China’s investments into South Africa have been focused on infrastructure.
The South African government has already identified areas where Chinese expertise can help grow the local economy. Patel said local companies need to build on innovation and technology to provide value-add global products. While the Forum on China-Africa Cooperation focuses on technology transfer, Patel said South Africa has a significant technological base that can be used for joint ventures. ”Chinese investments in the local real economy can be promoted through such joint ventures, with the twin commitments to cooperation in science and technology and to building up financing capacity, including special loans for small and medium-size businesses. This will provide a basis for the strengthening of locally owned enterprises,” said Patel.
Another area the South African government has targeted is beneficiation. Rather than just selling our raw materials, we could sell value-added products such as catalytic converters rather than just platinum. At a recent Forum on China-Africa Cooperation meeting, Minister of Trade and Industry Rob Davies said that South Africa had to work on policies that enabled it to beneficiate some of its trade. Currently, iron ore makes up 20% of the country’s exports to China. Government would like to see half of that processed in South Africa.
But the challenge will be dealing with the rest of Africa. Beneficiation increases the costs of exports. If South Africa starts to out-price itself, China will simply get its minerals from another country.
This, Stevens said, is Africa’s Achilles heel. South Africa does not have any multilateral agreements or guidelines to ensure that the entire region benefits from Chinese trade. ”We need to work as a bloc in setting broad parameters, so that a country trading with Africa can’t use competition among [African countries] to get a better deal for itself.”
Already the Bric countries — Brazil, Russia, India and China — appear to have broken up the continent so that they do not compete in the same markets driving prices up. China’s oil demand is met by Angola, where it buys about $20-billion of oil each year, yet China imports only $500-million of oil from Africa’s other major oil exporter, Nigeria. It is India that has the oil relationship with Nigeria, which is now India’s second-largest source of energy.
Unfortunately, Africa does not appear to have a similar strategy or coordination. African countries are outbidding one another for short-term gains without focusing on the long-term benefits.

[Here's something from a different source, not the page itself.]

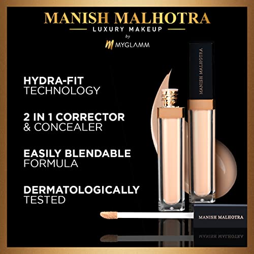 Flaunt a spotlight-worthy base with this high-coverage concealer from the Manish Malhotra Skin Awakening range. Its unique cushiony formula blends effortlessly into your skin delivering the coverage of your dreams. This liquid concealer also works as a corrector for uneven skin tone while effortlessly hiding blemishes & dark circles. Its lightweight texture stays soft and crease-free while the luxe lumi-matte finish leaves your skin looking flawless. Exclusive Hydra-fit Technology makes the formula super comfortable for extended wear so you can go from AM to PM without breaking a sweat.
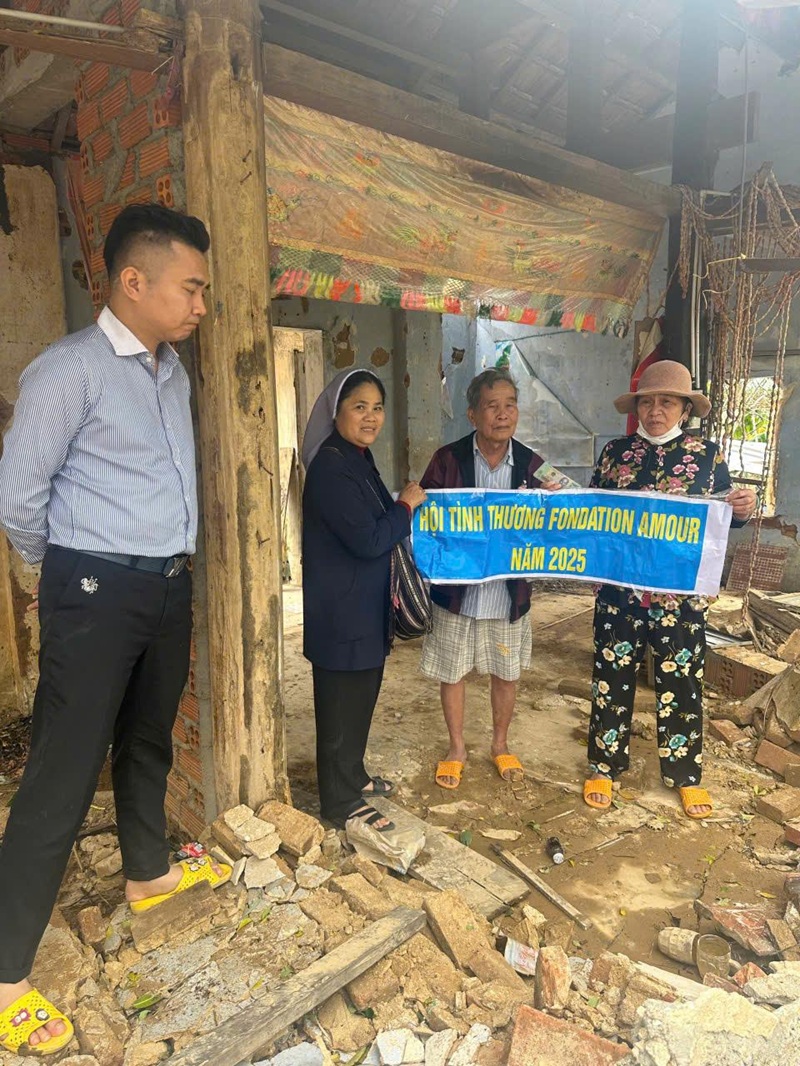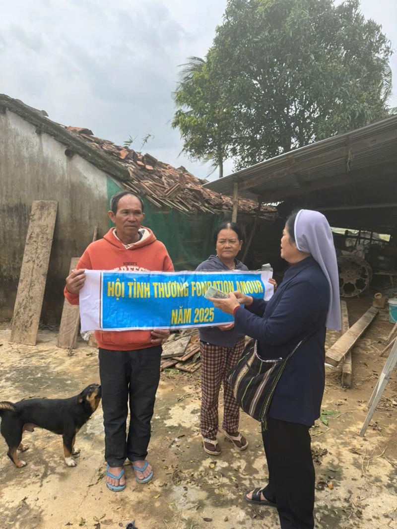 Trước những hậu quả do bão số 13 đã gây ra thiệt hại rất lớn cho bà con giáo dân về Người, Tài sản, Vật nuôi tại Miền Trung Việt Nam. Đối diện với những khó khăn đó, con đã nhận được sự hỗ trợ của Cha để giúp cho bà con vùng lũ với số tiền 100.000.000 vnđ ( Một trăm triệu đồng chẵn).

Africa needs to create agreements similar to oil cartel Opec, which has successively protected the interests of oil-producing countries by not allowing destructive price competition to destroy its industries. Africa needs to create trading blocks in the East, South and West so that regions can work together to create long-term, sustainable business and trade relations with China.
n excellent example of this is the recent decision by China to remove tariffs on imports from poorer African nations. South Africa lobbied to have all African countries included. This was not agreed to by China, although the list of tariff-exempt products from Africa was increased to 440.
However, the Southern African Development Community can still take advantage of the offering to poorer countries as it has one of the poorest countries in the world, Lesotho, in its trading bloc. By creating a regional strategy, South Africa and other SADC members could manufacture products that they on-sell to Lesotho, which in turn could export them to China, benefiting from the zero-tariff arrangement. This is how economic regions throughout the world operate, by leveraging their strengths to benefit the region as a whole.
A beneficiation programme could work in a similar way. Ultimately, however, a beneficiation strategy needs to include other resource-producing countries so that Africa shares in long-term wealth creation rather than destroying the wealth of our natural resources for short-term gain. As Stevens said, Africa needs to start asking what China will want in 50 years’ time and start to develop industries around this. With China as a strategic partner, Made in Africa could become a powerful brand.